Methods BMSCs were isolated from the male SD rats. Female SD rats were subjected to myocardial infarction by ligation of left anterior descending artery. BMSCs at 1.2×106 were injected into the central zone of the infarct region at 1 h after ligation. BMSCs were monitored by labelled BrdU or Hoechst33342. A Sry gene sequence of Y chromatosome in male rats was analysed by real-time PCR for the quantification of the survived BMSCs in host myocardium.

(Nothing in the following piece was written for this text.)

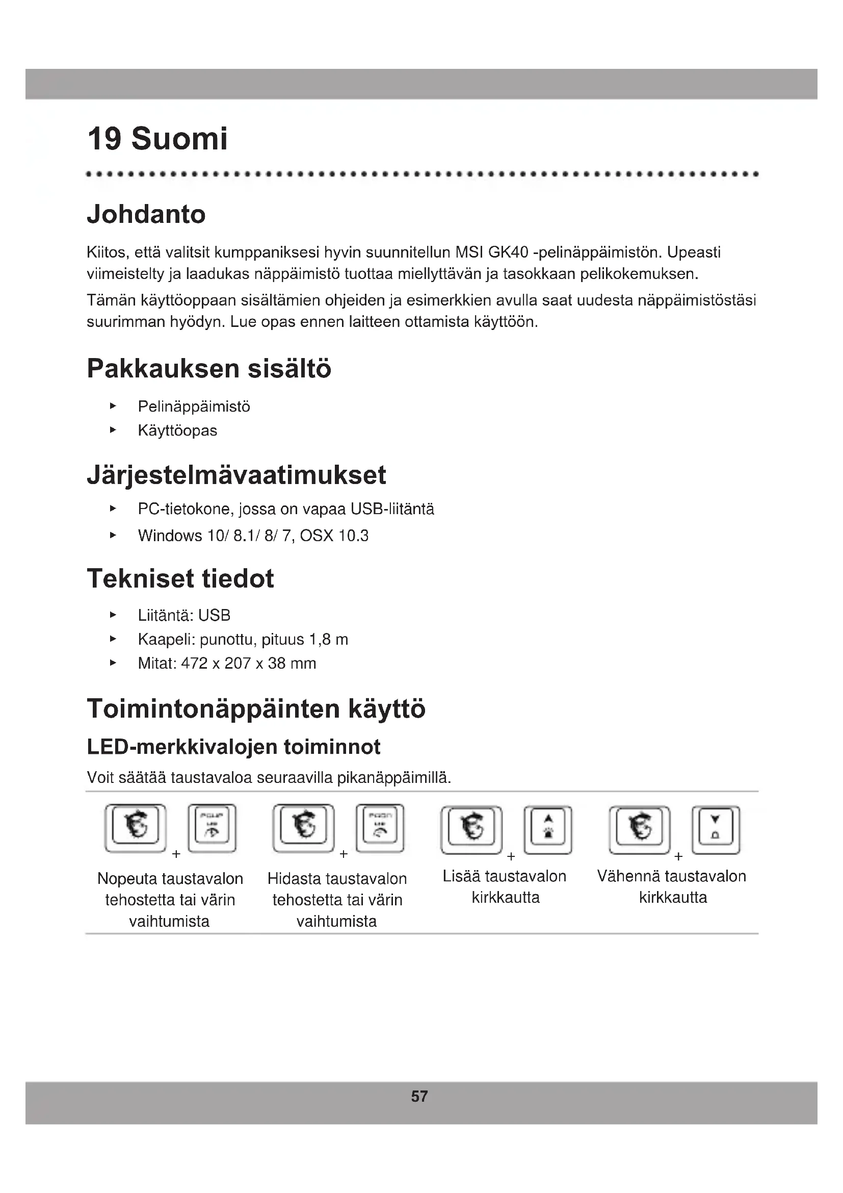 - Tryk på + eller for at justere farvetonen. Reference: Anti-ghosting Tab+Caps+Shift+Ctrl+Q+W+E+R+T+A+S+D+F+G+Z+X+C+V+B+mellemrum 20 taster Q+W+E+R+T+Y+U+I+O+P+mellemrum 11 taster A+S+D+F+G+H+J+K+L+; +mellemrum 11 taster Z+X+C+V+B+N+M+,+.+/+mellemrumtilbage 11 taster TAB+CAPS+Shift+Ctrl+Alt+Q+W+E+A+S+D+Z+X+C 14 taster TAB+CAPS+Shift+Ctrl+mellemrum+Q+W+E+A+S+D+F+G+Z+X+C+↑+←+↓+→ 20 taster Shift-L+Shift-R+Ctrl-L+Ctrl-R+Alt-L+Alt-R+mellemrum+↑+←+↓+→ 11 taster A+S+D+F+J+K+L+;+mellemrumtilbage 9 taster57 19 Suomi Johdanto Kiitos,ettävalitsitkumppaniksesihyvinsuunnitellunMSIGK40-pelinäppäimistön.Upeasti viimeisteltyjalaadukasnäppäimistötuottaamiellyttävänjatasokkaanpelikokemuksen. Tämänkäyttöoppaansisältämienohjeidenjaesimerkkienavullasaatuudestanäppäimistöstäsi suurimmanhyödyn.Lueopasennenlaitteenottamistakäyttöön. Pakkauksen sisältö ▶ Pelinäppäimistö ▶ Käyttöopas Järjestelmävaatimukset ▶ PC-tietokone, jossa on vapaa USB-liitäntä ▶ Windows 10/ 8.1/ 8/ 7, OSX 10.3 Tekniset tiedot ▶ Liitäntä: USB ▶ Kaapeli: punottu, pituus 1,8 m ▶ Mitat: 472 x 207 x 38 mm Toimintonäppäinten käyttö LED-merkkivalojen toiminnot Voit säätää taustavaloa seuraavilla pikanäppäimillä.

Results The cultured BMSCs showed a homogenous pattern with CD44+/CD34-. Accumulation of BMSCs labelled with Hoechst33342 or BrdU was noted in infarct area of the host heart. Myocardial infarction induced a significant iNOS expression with its peak expression on day 3 and lasting for 14 days. The survival rates of engrafted BMSCs by real-time PCR were 7.88%, 7.82% and 8.73% at 1 week, 3 weeks and 6 weeks after transplantation respectively. iNOS selective inhibitor 1400 W contributed to 32% increase In the survival rate of the transplanted BMSCs. Migration of transplanted BMSCs to the margin area of infarct region was observed in Hoechst33342 or BrdU labelled BMSCs.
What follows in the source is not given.